I also believe that the board should contain representatives from the Police Department to give context to each situation in front of them. Residents, city officials, and local law enforcement should engage in a collaborative dialogue to decide what’s best for Norwalk, considering both the potential benefits and challenges.

  • There is a constant public battle between city government, the school board, and concerned citizens. It seems that all are “dug in” with their positions, eager to “defeat” the other to win their own agenda. What would you specifically propose to bring all groups to the table to solve issues rather than fight about them? Policy changes and revisions can certainly be part of your answer.

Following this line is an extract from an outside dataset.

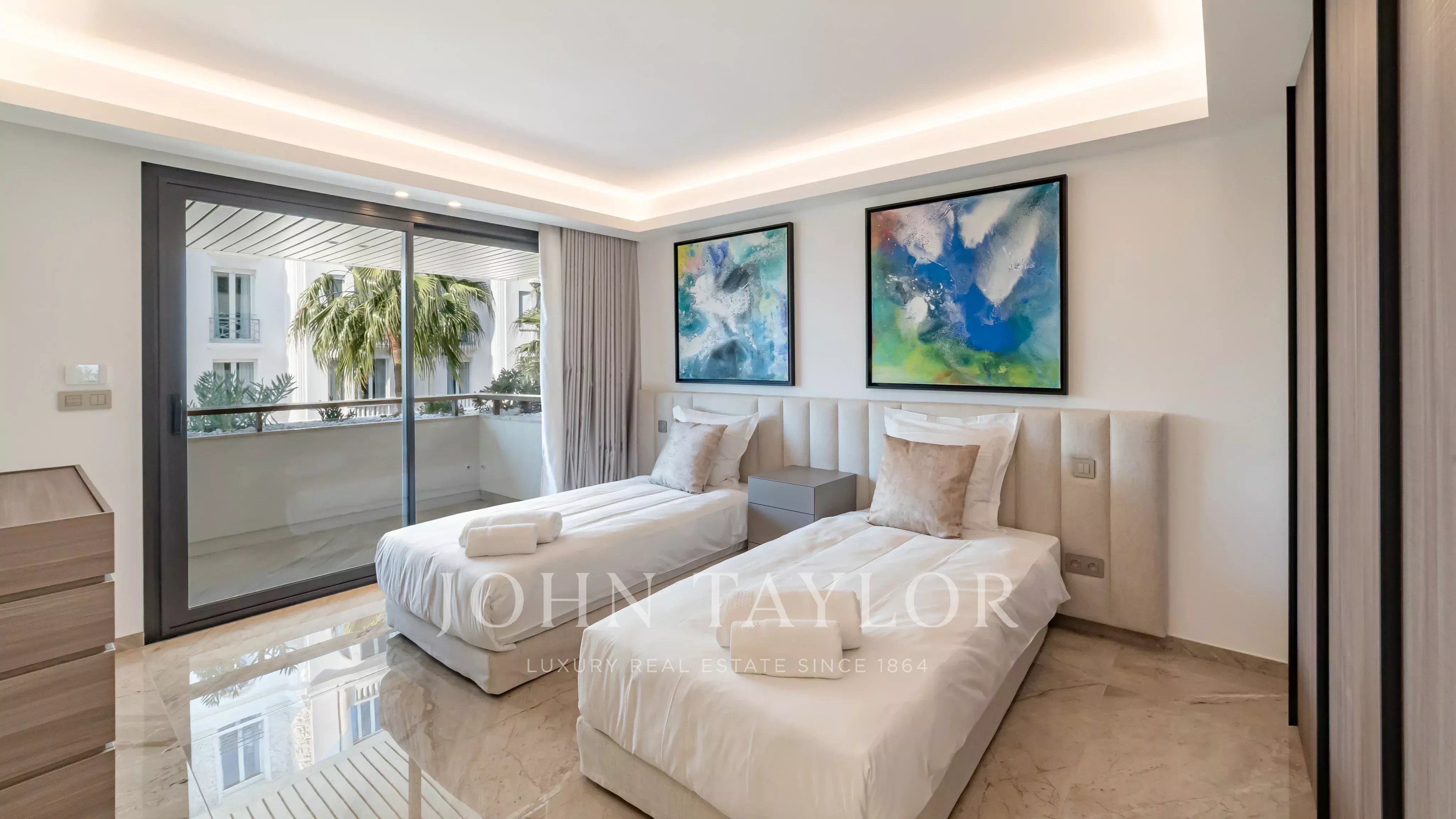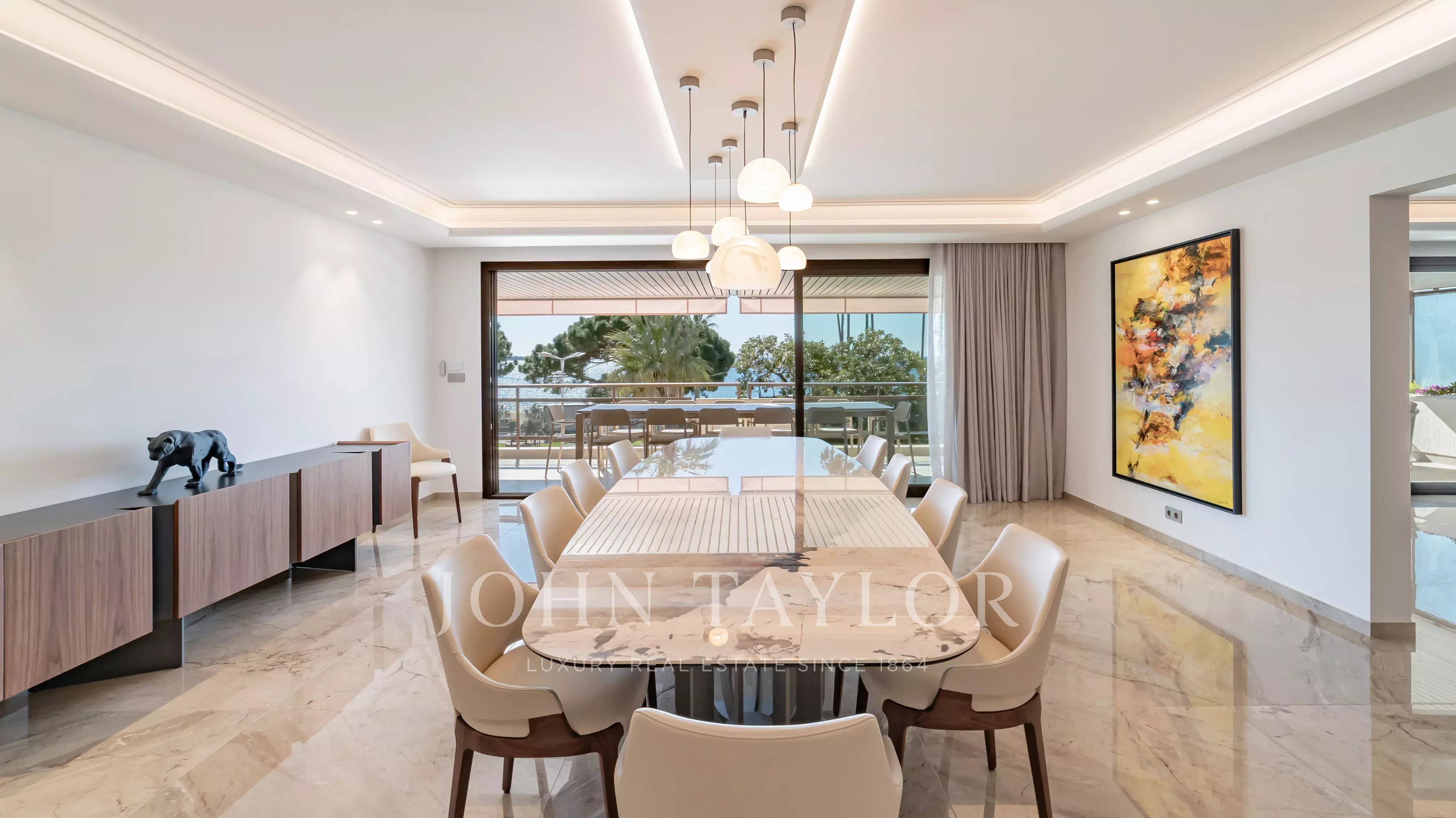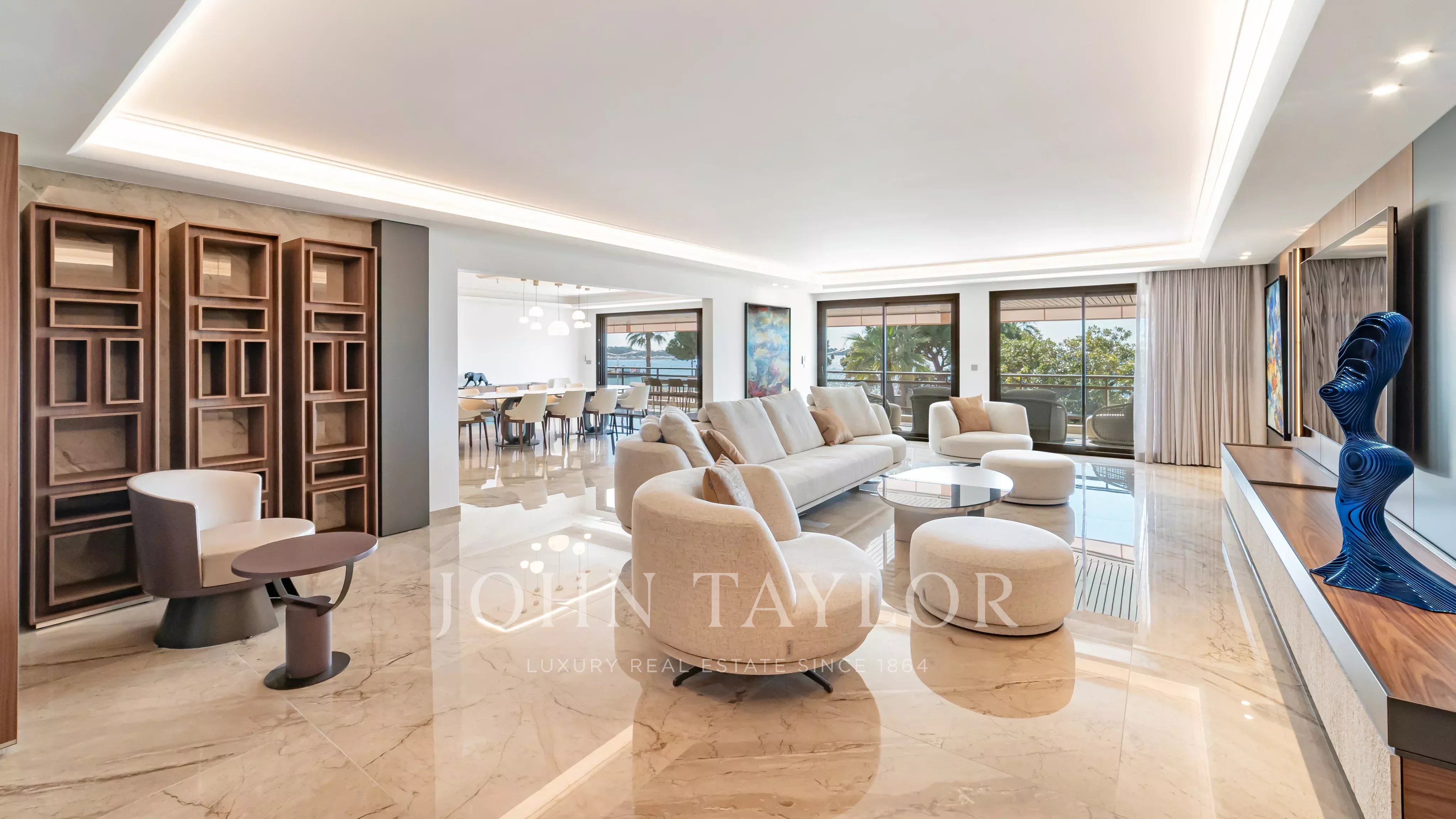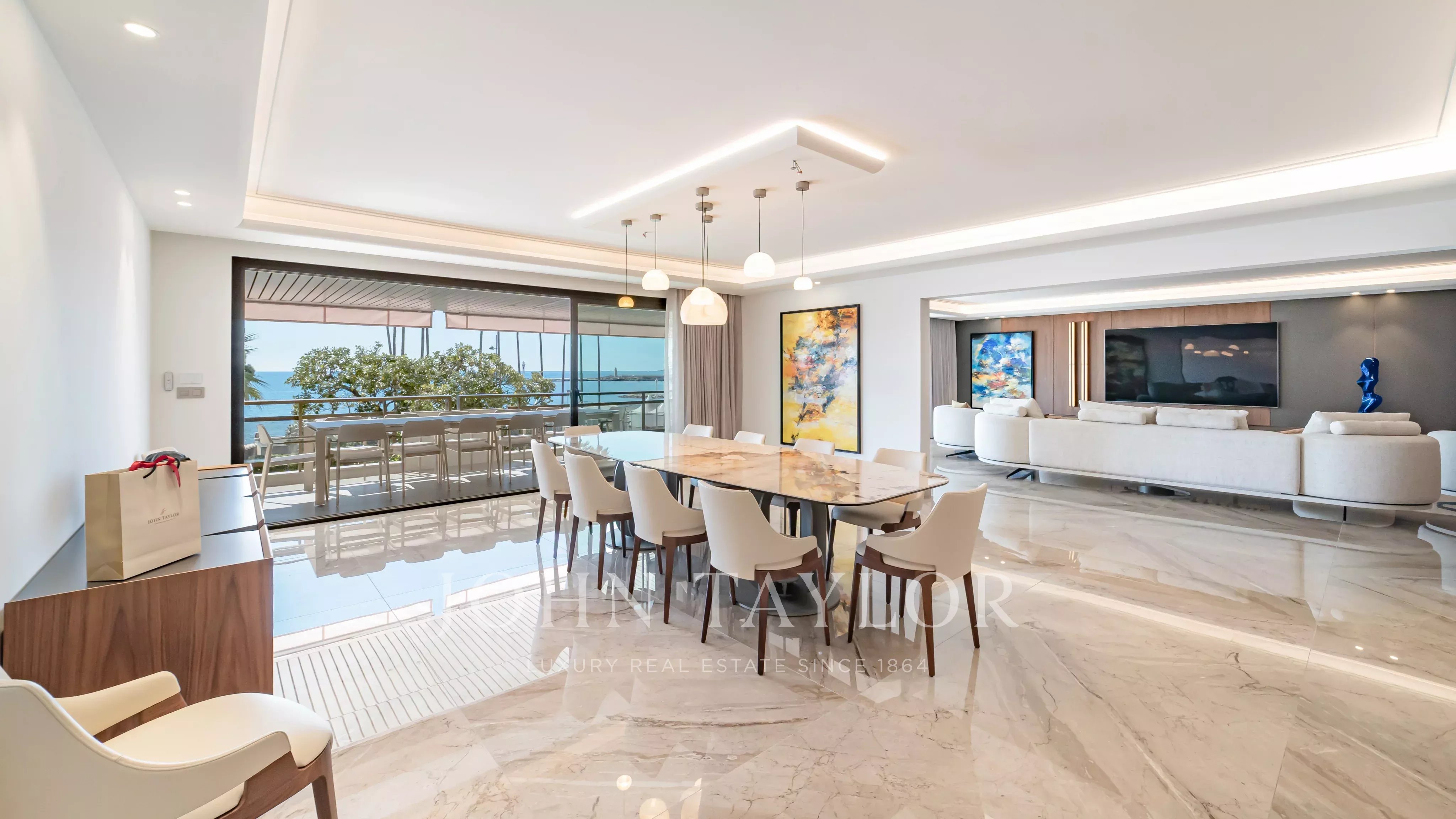 In the heart of the Croisette, within a prestigious residence in immediate proximity to the Palais des Festivals and the Majestic Hotel, this exceptional apartment of approximately 320 sqm, extended by a 110 sqm terrace, embodies contemporary elegance at its finest.

In Norwalk, there is a constant struggle.  As I have previously stated, the government only works when all parties come to the table and walk away without getting everything they want.  I am a firm believer in consensus. We need to have conversations about what we all agree with and then what we can live with.  It is only through this work that will be able to create our common goals and move forward.  When elected, I would advocate for several working sessions between the city, schools and citizens.  

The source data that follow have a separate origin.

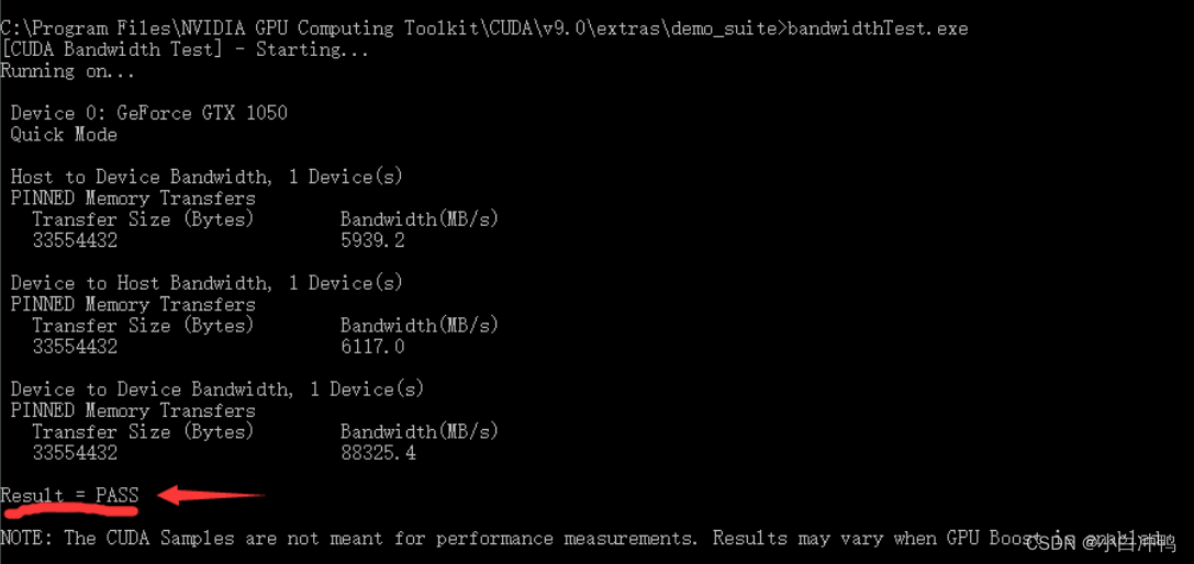 然后cd 到C:\Program Files\NVIDIA GPU Computing Toolkit\CUDA\v9.0\extras\demo_suite (这是默认路径),分别执行bandwidthTest.exe和deviceQuery.exe命令,分别返回下面两张图的结果,
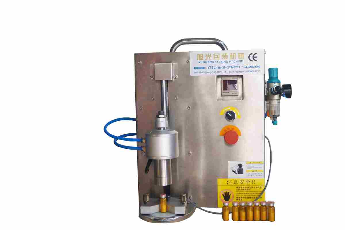 7.在生产中可搭配压盖机一起使用。操作员A负责在灌装机上放空瓶并启动灌装粉末,操作员B(或同一人)只需将灌装好的瓶子移至压盖工位并放置瓶盖,按下启动键,瞬间完成压盖。压盖机可适应不同材质、不同尺寸的瓶盖,机器每次都以相同力度工作,确保封口质量稳定可靠。
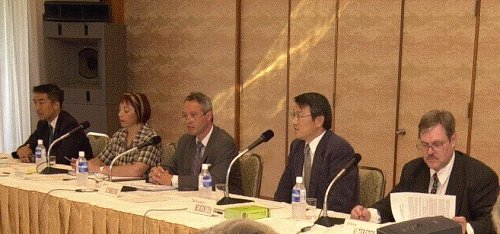 .ジョイント・フォーラム開催記念講演会/座談会 ジョイント・フォーラムの天童市での開催を記念して、ジョイント・フォーラム天童会合の前日(平成13年7月17日)、山形県主催の講演会および県下の高校生との座談会が開催され、ジョイント・フォーラムのメンバーが参加した。 講演会では、Jarl Symreng氏(ジョイント・フォーラム議長/スウェーデン金融監督庁保険局長)が「金融の一元化と国際協力」について、Tanis MacLaren氏(オンタリオ州証券委員会国際担当局長)が「証券市場規制とグローバル市場」について、当庁三國谷監理官が「近年の金融制度改革について」とのタイトルで講演し、県内の金融関係者を中心に約100名が参加した。 一方、高校生との座談会にはジョイント・フォーラムのメンバーであるJohanne Prevost氏(ジョイント・フォーラム事務局)、Carlo Biancheri氏(イタリア国家証券取引委員会)、Christopher Machale氏(スイス銀行委員会)及びMichael Macchiaroli氏(米国証券取引委員会)が参加し、山形県全域から高校生14人と活発な意見交換を行った |
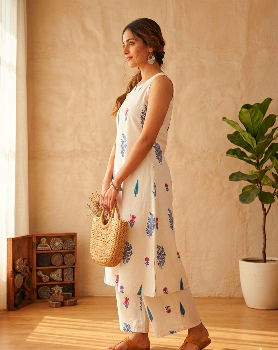 Keep your summer style fresh and breezy with this stunning White Floral Kurta Set from Three Butterfly. Designed to beat the heat while keeping you effortlessly chic, this outfit features a comfortable sleeveless A-line kurta. The crisp white fabric serves as a perfect canvas for the vibrant blue and pink botanical block prints, giving it a soothing, earthy vibe.
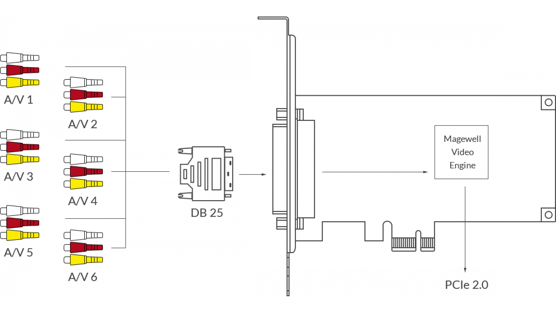 Тагове: Hexa CVBS capture card, Magewell six-channel video capture, low latency CVBS input, professional video processing, PCIe Hexa CVBS capture card
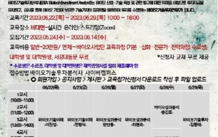 서강대학교 '바이오기술·투자센터(BIOTITC)'는 오는 7월 8일 제24회 바이오기술투자분석사 1급 자격검정을 실시하고, 이를 대비한 교육을 시행한다고 밝혔다. 최근 센터에서 수강생들의 반복 학습을 통해 학습효과를 제고하고, PC와 모바일 모두 가능해 언제 어디서
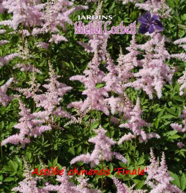 Introduction 2014. L’Astilbe chinensis offre une excellente tolérance à l’ombre et à la sécheresse si on le compare avec les autres espèces et cultivars. La plante s’étend par des rhizomes rampants pour produire de nouveaux plants, ce qui en fait une espèce intéressante comme couvre-sol. Le cultivar ‘Finale’ présente des hampes florales de 30 à 45 cm de hauteur; les panicules de fleurs roses s’épanouissent à la mi ou fin juillet et se maintiennent en août. Le plant s’étale sur 40 à 50 et plus avec le temps. Le feuillage n’est pas brouté par les chevreuils.

  •   “Housing affordability” means different things to many people. The current standard is based on the median income of Fairfield County, which is $84,233 per household. A job that pays $30 per hour misses that standard by approximately $22,000. What is your definition of Housing affordability, and do you think the standard should be made more equitable?

In Norwalk, when we talk about ‘housing affordability,’ we need to consider the diverse fabric of our community. For our young families and those just starting out, it means being able to rent or purchase their first home without being burdened by exorbitant costs. For our senior citizens, it means being able to maintain and stay in the homes where they’ve built their memories.

While the median income of Fairfield County provides a guideline, it doesn’t capture the full story of Norwalk. It’s essential that we look beyond just median figures and consider the lived experiences of our residents. A job that pays $30 per hour may seem substantial in some areas, but when accounting for our cost of living, it falls short.

My definition of housing affordability is that every Norwalk resident, regardless of their age or income, should be able to live in a safe, comfortable, and reasonably priced home without having to spend a disproportionate amount of their income. As for making the standard more equitable, I believe we should work towards localized metrics that more accurately reflect the needs and aspirations of Norwalk’s residents. This includes looking at both the high and low ends of the income spectrum and ensuring that our policies address the challenges faced by all.

We must ensure that new developments in our district genuinely meet our neighborhood’s housing needs. Homeownership isn’t feasible for all, so we need affordable rental options to support and nurture community growth. One-bedroom apartments at $2100/month aren’t universally affordable; we must address this.

  • What would you propose to move Norwalk’s government agencies, businesses, organizations, and private citizens towards a zero-carbon footprint?

Zero Carbon Footprint is achievable but it would mean some serious changes for the city.  We should start with city buildings and schools by making them all solar.  We need to eliminate traffic in Norwalk.  Although this may sound challenging, we can make sure the traffic signals controlled by computers or AI adjust so that cars are not idling.  We can also develop a campaign for an increase in bus ridership.  At home we need to continue to advocate for use of LED lights, programmable thermostats and the use of cold water to wash our clothes.  This information can be disseminated through our schools as well as campaigns throughout the year.  I would also continue to promote our farmers markets as our food does not have to travel far and in turn less emissions into the atmosphere from trucks that need to drive long distances to get to Norwalk. Each step is in the right direction.